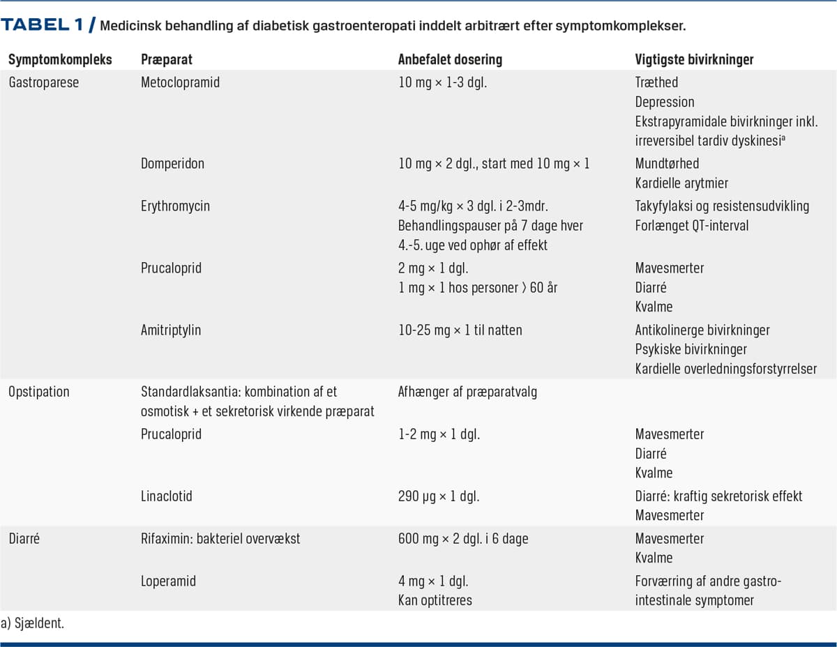 Dopamin-2-receptorantagonisten metoclopramid er førstevalg. Den antidopaminerge virkning medfører ekstrapyramidale bivirkninger hos 0,2%, og hos nogle af disse irreversibel tardiv dyskinesi, hvorfor behandling i mere end 12 uger frarådes [24]. Yderligere 30% får andre centrale bivirkninger, såsom træthed og depression [25]. Domperidon er ligeledes en dopamin-2-receptorantagonist med både prokinetisk og antiemetisk effekt. Præparatet medfører i sjældne tilfælde kardielle arytmier relateret til QT-forlængelse [26]. Makrolidantibiotikaet erythromycin er en motilinreceptoragonist med effekt på ventrikeltømningen. Den kan administreres i flydende form, hvortil der kan søges specielt tilskud, og dosis er oftest den halve af, hvad der gives som antibiotika. Behandlingspauser kan være nødvendige, da længerevarende brug kan medføre takyfylaksi. Prucaloprid er en serotoninagonist, der er indregistreret til brug ved kronisk obstipation. Præparatet øger tillige ventrikeltømningen, hvorfor det af nogle forsøges ved kvalme og opkastninger samt ved kombineret forstoppelse og gastroparese [25]. Ghrelinrecepteragonister såsom relamorelin og ulimorelin er under udvikling mod gastroparese, men resultaterne er ikke entydige [22]. Ved funktionel dumping tilrådes mange, små og let passable måltider. I Tabel 1 ses den medicinske behandling inddelt efter symptomer.
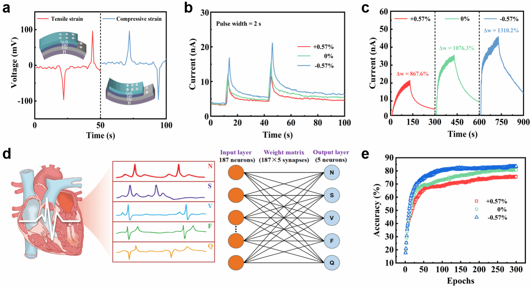 研究团队还利用非晶氧化镓(a-Ga2O3)的持续光电导现象和ZnO的压电效应,构建了柔性a-Ga2O3/ZnO异质结光电突触器件。应变诱导的压电极化场调控了异质界面处的能带弯曲和载流子动力学。在-0.57%压缩应变下,突触权重提升了22%(从1076.3%变化到1310.2%)。利用该器件,研究团队实现了对心电图(ECG)模式的识别,识别准确率在应变调控下提升至83.5%。相关成果以“Ga2O3-Based Optoelectronic Synapse With Piezo/Photo-Gated Modulation for Multimodal Perception”为题,发表在国际期刊IEEE Electron Device Letters上。我校物理学院王宏彬博士后为论文的第一作者,李鹏副教授和马剑钢教授为共同通讯作者。
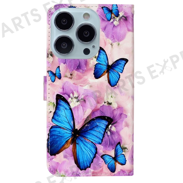 For iPhone 16 Pro Max Case Pattern Printed Leather Phone Cover with Stand 3 Card Holder - Purple Flower Butterfly
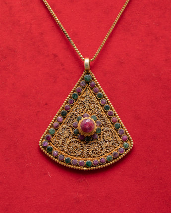 The ruby stone symbolizes vitality, passion, and success, while the panna stone enhances wisdom, clarity, and spiritual insight. Together, these stones make this locket not only a gorgeous piece of jewelry but also a meaningful talisman for those seeking positive energy and blessings. Whether worn for style, meditation, or as a thoughtful gift, this gold-plated silver locket offers both beauty and spiritual significance.
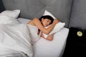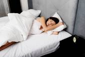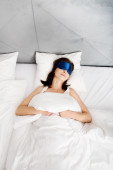 Kobieta, spanie w łóżku z zespołu oczy.
────────
Retype the data above exactly; pictures are not part of the copy.

> TASK RESULT:
 Dopamin-2-receptorantagonisten metoclopramid er førstevalg. Den antidopaminerge virkning medfører ekstrapyramidale bivirkninger hos 0,2%, og hos nogle af disse irreversibel tardiv dyskinesi, hvorfor behandling i mere end 12 uger frarådes [24]. Yderligere 30% får andre centrale bivirkninger, såsom træthed og depression [25]. Domperidon er ligeledes en dopamin-2-receptorantagonist med både prokinetisk og antiemetisk effekt. Præparatet medfører i sjældne tilfælde kardielle arytmier relateret til QT-forlængelse [26]. Makrolidantibiotikaet erythromycin er en motilinreceptoragonist med effekt på ventrikeltømningen. Den kan administreres i flydende form, hvortil der kan søges specielt tilskud, og dosis er oftest den halve af, hvad der gives som antibiotika. Behandlingspauser kan være nødvendige, da længerevarende brug kan medføre takyfylaksi. Prucaloprid er en serotoninagonist, der er indregistreret til brug ved kronisk obstipation. Præparatet øger tillige ventrikeltømningen, hvorfor det af nogle forsøges ved kvalme og opkastninger samt ved kombineret forstoppelse og gastroparese [25]. Ghrelinrecepteragonister såsom relamorelin og ulimorelin er under udvikling mod gastroparese, men resultaterne er ikke entydige [22]. Ved funktionel dumping tilrådes mange, små og let passable måltider. I Tabel 1 ses den medicinske behandling inddelt efter symptomer.
 研究团队还利用非晶氧化镓(a-Ga2O3)的持续光电导现象和ZnO的压电效应,构建了柔性a-Ga2O3/ZnO异质结光电突触器件。应变诱导的压电极化场调控了异质界面处的能带弯曲和载流子动力学。在-0.57%压缩应变下,突触权重提升了22%(从1076.3%变化到1310.2%)。利用该器件,研究团队实现了对心电图(ECG)模式的识别,识别准确率在应变调控下提升至83.5%。相关成果以“Ga2O3-Based Optoelectronic Synapse With Piezo/Photo-Gated Modulation for Multimodal Perception”为题,发表在国际期刊IEEE Electron Device Letters上。我校物理学院王宏彬博士后为论文的第一作者,李鹏副教授和马剑钢教授为共同通讯作者。
 For iPhone 16 Pro Max Case Pattern Printed Leather Phone Cover with Stand 3 Card Holder - Purple Flower Butterfly
 The ruby stone symbolizes vitality, passion, and success, while the panna stone enhances wisdom, clarity, and spiritual insight. Together, these stones make this locket not only a gorgeous piece of jewelry but also a meaningful talisman for those seeking positive energy and blessings. Whether worn for style, meditation, or as a thoughtful gift, this gold-plated silver locket offers both beauty and spiritual significance.
 Kobieta, spanie w łóżku z zespołu oczy.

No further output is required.